L’invisibile linea divisoria che ancora separava il pubblico dalla scena sacra cade nell’Annunciazione di Filippino Lippi. Il «pubblico», in questo caso il cardinale-committente, non si fa scrupolo di turbare il momento cruciale dell’intera fede cristiana (tanto che si precipita, dalla solennità tragica del Masaccio, nella commedia, in un capolavoro di «goffaggine»). La Vergine, infatti, si gira per tre quarti distratta dal santo, che ne approfitta per raccomandarle il suo protetto.

Giovanni Battista Moroni


Avvertendo la scena sacra allo stato puro come incompatibile con il suo repertorio da ritrattista concreto e realista, il Moroni recupera il tema religioso come oggetto di meditazione da parte di un devoto, o di più devoti.
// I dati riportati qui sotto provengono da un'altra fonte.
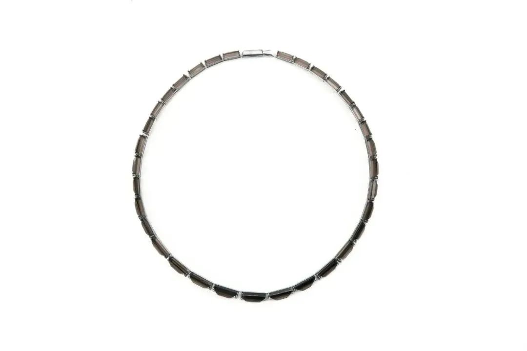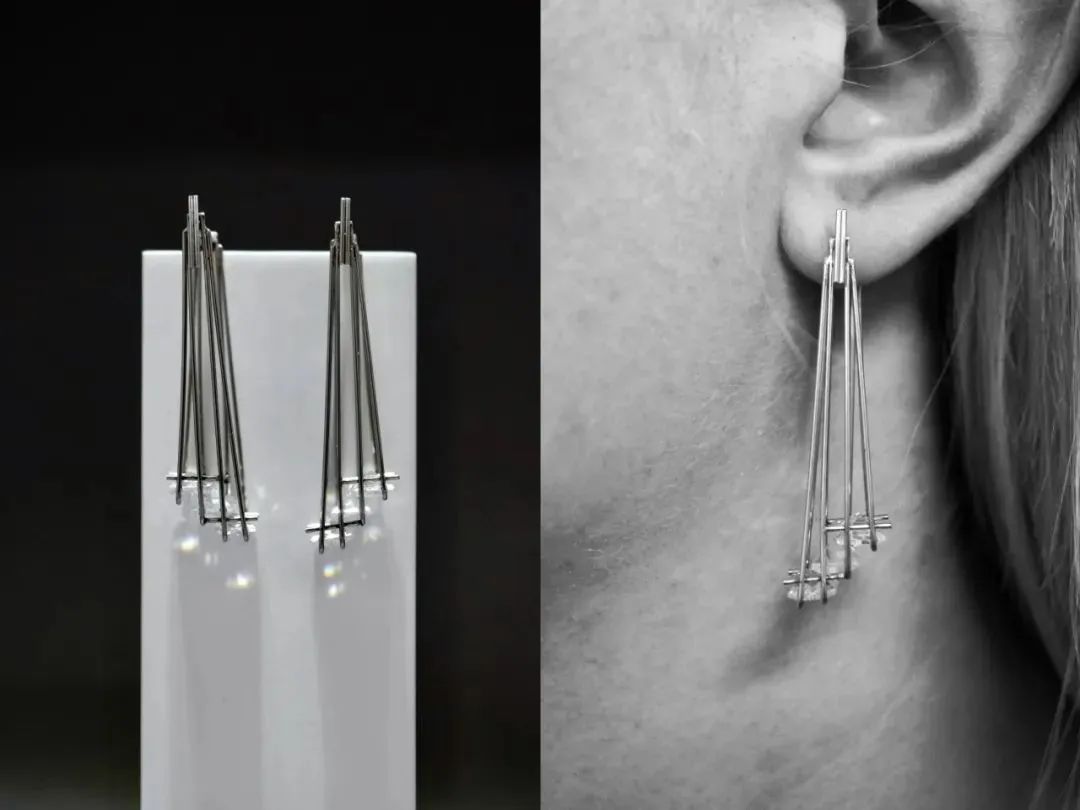 在她的作品集中,洛伊絲融入了類似腳手架、梁和工業(yè)結(jié)構(gòu)的元素,以不同的角度鑲嵌石頭。通過利用煙熏石的獨特特性,她實現(xiàn)了類似黎明的漸變效果。長方形石頭的幾何切割增強了它們的光澤,而不銹鋼結(jié)構(gòu)則為佩戴者提供支撐。
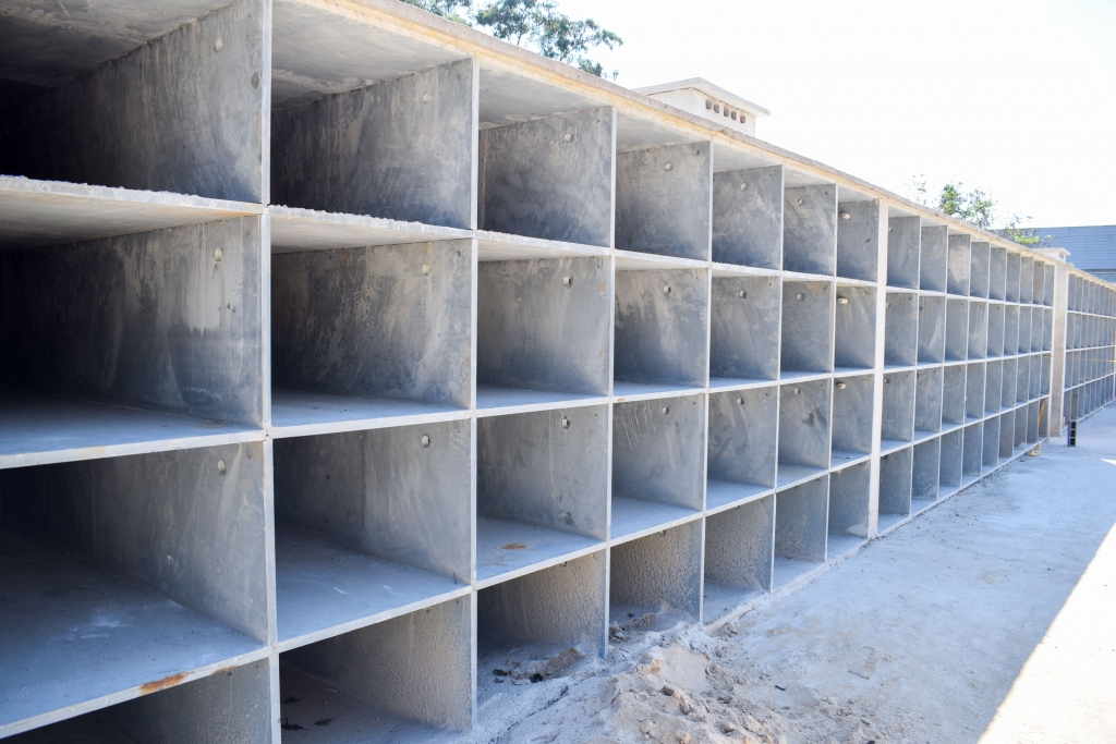 Duas frentes de trabalho participam da obra, uma na construção do radier (lajes de concreto armado em contato direto com o terreno), e outra na verticalização subterrânea. No primeiro caso, as sepulturas serão montadas com peças pré-moldadas em ardósia que se encaixam formando lóculos sobrepostos e, no segundo, serão utilizados blocos de concreto. O projeto conta também com sistema de tratamento de efluentes gasosos.
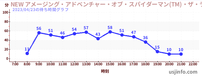 • NEW アメージング・アドベンチャー・オブ・スパイダーマン(TM)・ザ・ライド 4K3D$B$N(B2023年04月23日の待ち時間
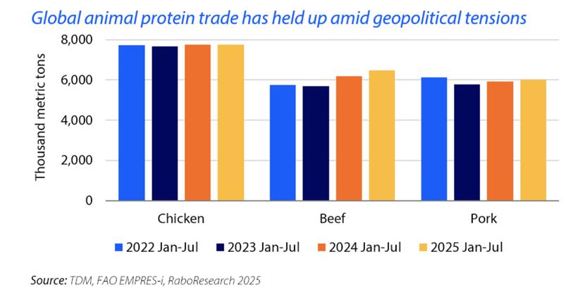 Παρά τις αναταράξεις, το παγκόσμιο εμπόριο ζωικών πρωτεϊνών εμφανίζει ανθεκτικότητα. Στρατηγικές κινήσεις, όπως η προώθηση αποστολών βοδινού από τη Βραζιλία προς τις ΗΠΑ, συνέβαλαν στη διατήρηση των όγκων, παρά τη μεταβλητότητα και τις μεταβαλλόμενες δασμολογικές πολιτικές που αναδιαμορφώνουν τις εμπορικές ροές. Ωστόσο, οι ανισορροπίες προσφοράς και ζήτησης συνεχίζουν να αναζητούν σημείο ισορροπίας, τάση που εκτιμάται ότι θα παραμείνει και το 2026, υπό την επίδραση γεωπολιτικών εντάσεων και εξελισσόμενων πολιτικών.
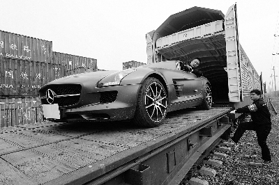| 國內(nèi)初のマイカー輸送列車で旅を終え、北京大紅門駅に到著したベンツ。係員が列車から車を降ろしている。 |
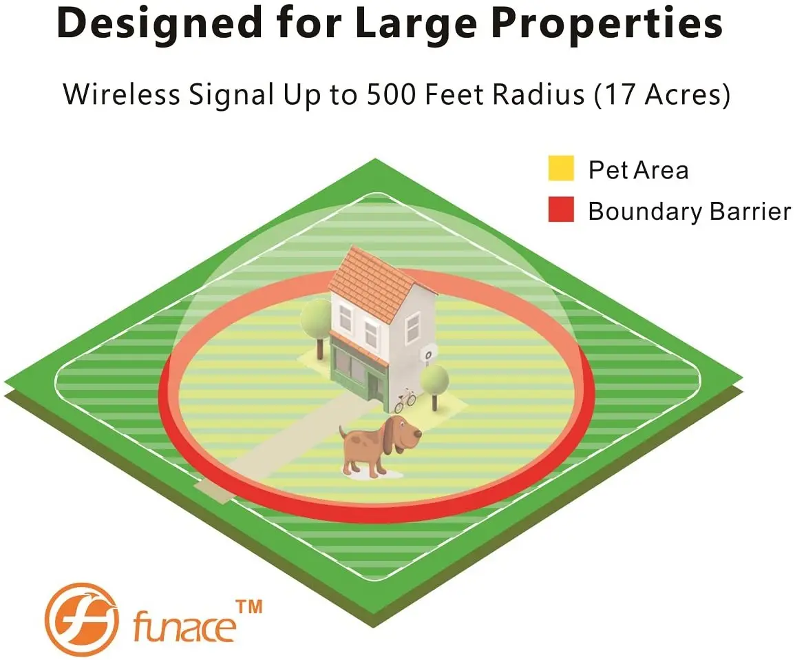 Con su impresionante alcance, este sistema de cercas para mascotas garantiza que su perro permanezca dentro de sus límites, brindándole tranquilidad a los dueños de mascotas.

La recupera cioè come un momento interno alla psicologia del devoto: la scena religiosa si teatralizza in quanto si psicologizza, diventando un contenuto mentale. Due esempi dimostrano chiaramente l’utilizzo di questo espediente, cioè la Coppia di devoti davanti (accanto) alla Madonna, il Bambino e S. Michele e il Gentiluomo in preghiera davanti alla Madonna. L’Ultima cena, tuttavia, fa eccezione in quanto non si tratta di una scena immaginata come oggetto di meditazione da parte del pittore: è invece come se il pittore avesse invitato i personaggi sacri a casa sua, offrendogli un lauto pranzo. Non è più il pubblico a salire sul palcoscenico, ma sono i personaggi sacri che scendono dal palcoscenico per accogliere un invito a pranzo da parte del pittore (che, fra l’altro, si rappresenta autoritratto accanto alla figura del Cristo seduto, dominando la scena sia con la statura, sia con lo sguardo).